The two other challenges tackle federal prohibitions against foreign campaign contributions and contributions by individuals with federal contracts. “These lawsuits are all at least theoretically outgrowths from Citizens United,” said Tara Malloy of the Campaign Legal Center. In Citizens United v. FEC, a 5-4 Court struck down the federal ban on the use of general treasury funds by corporations for independent campaign expenditures. “Citizens United is, of course, not directly on point in terms of the law, but its reasoning is certainly being used in new areas of campaign-finance law,” said Malloy. The plaintiffs in the three cases are using, to different degrees, language in Justice Anthony Kennedy’s majority opinion that campaign-finance regulations cannot discriminate based on the identity of the speaker, Malloy said. “This is not necessarily even the holding but it is this type of reasoning that is being leveraged,” she added.

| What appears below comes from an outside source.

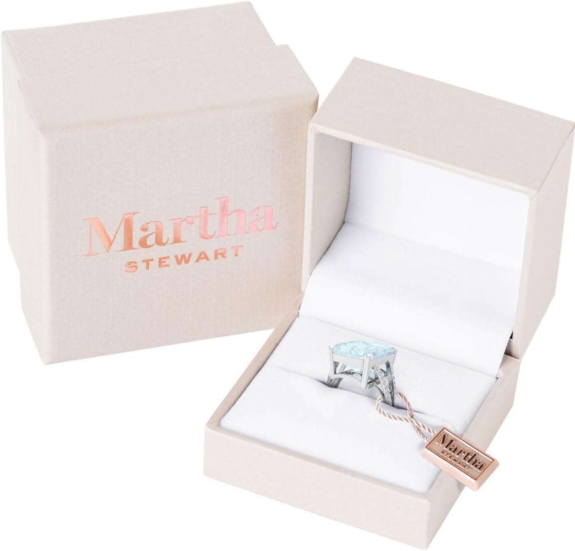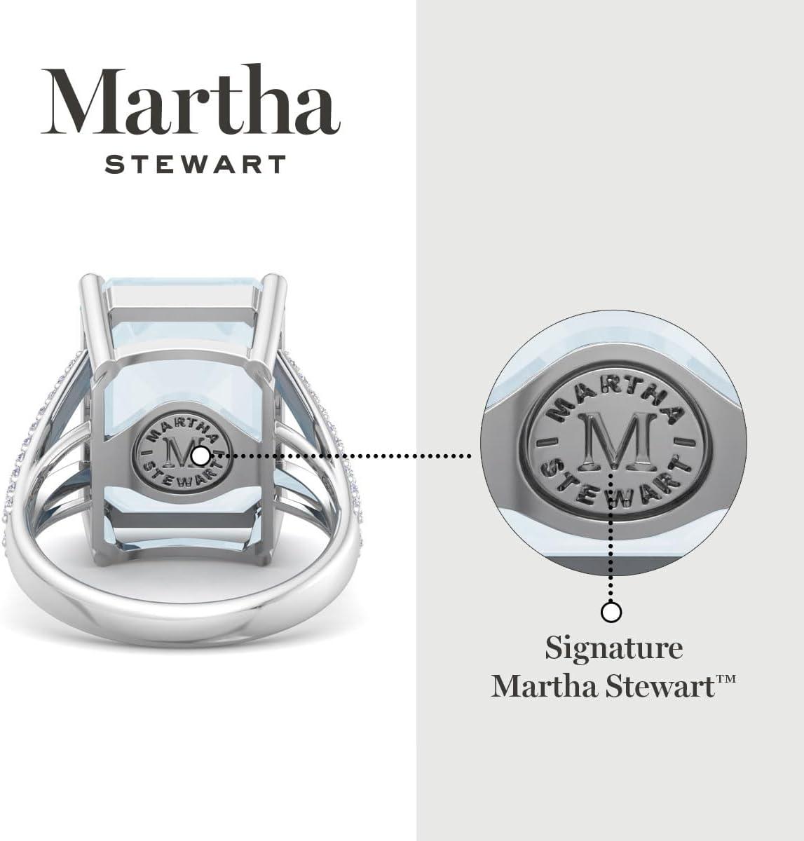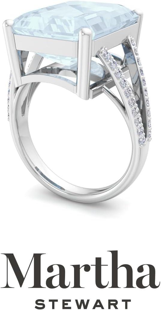 Martha Stewart 10 1/4 Carat Emerald Cut Gemstone Ring with Lab Grown Diamonds in Sterling Silver, Choose Your Gemstone(Aquamarine)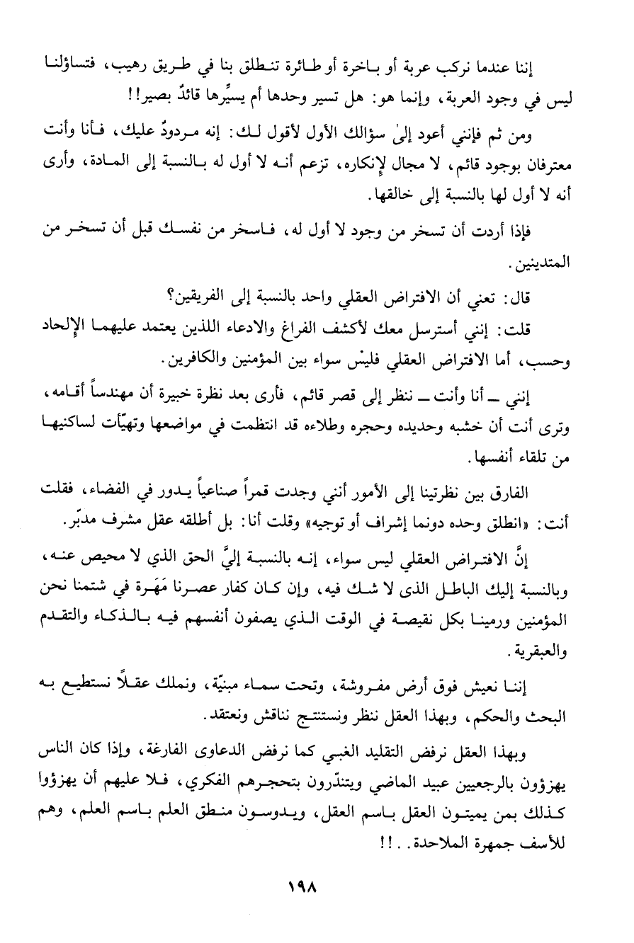 الفارق بين نظرتينا إلى الأمور أننى وجدت قمراً صناعياً يدور فى الفضاء، فقلت أنت: " انطلق وحده دونما إشراف أو توجيه " وقلت أنا: بل أطلقه عقل مشرف مدبر..

The three federal cases, while significant in their own right, are only a small part of a national landscape littered with campaign-finance challenges post-Citizens United. Attacks on state laws banning direct corporate contributions are underway in Iowa, Minnesota, Montana and Texas, and there are dozens of challenges to state disclosure laws, many mounted by the lawyer who brought the Citizens United case to the Supreme Court — James Bopp Jr. of Bopp, Coleson & Bostrom of Terre Haute, Ind.
“Danielczyk is the challenge most obviously focused on federal restrictions, but if any of these cases were to go to the Supreme Court, the basic principle would very much be at issue,” said Malloy, whose organization has filed an amicus brief supporting the government. “There are multiple avenues anti-reform litigators are pursuing to get to the Supreme Court.”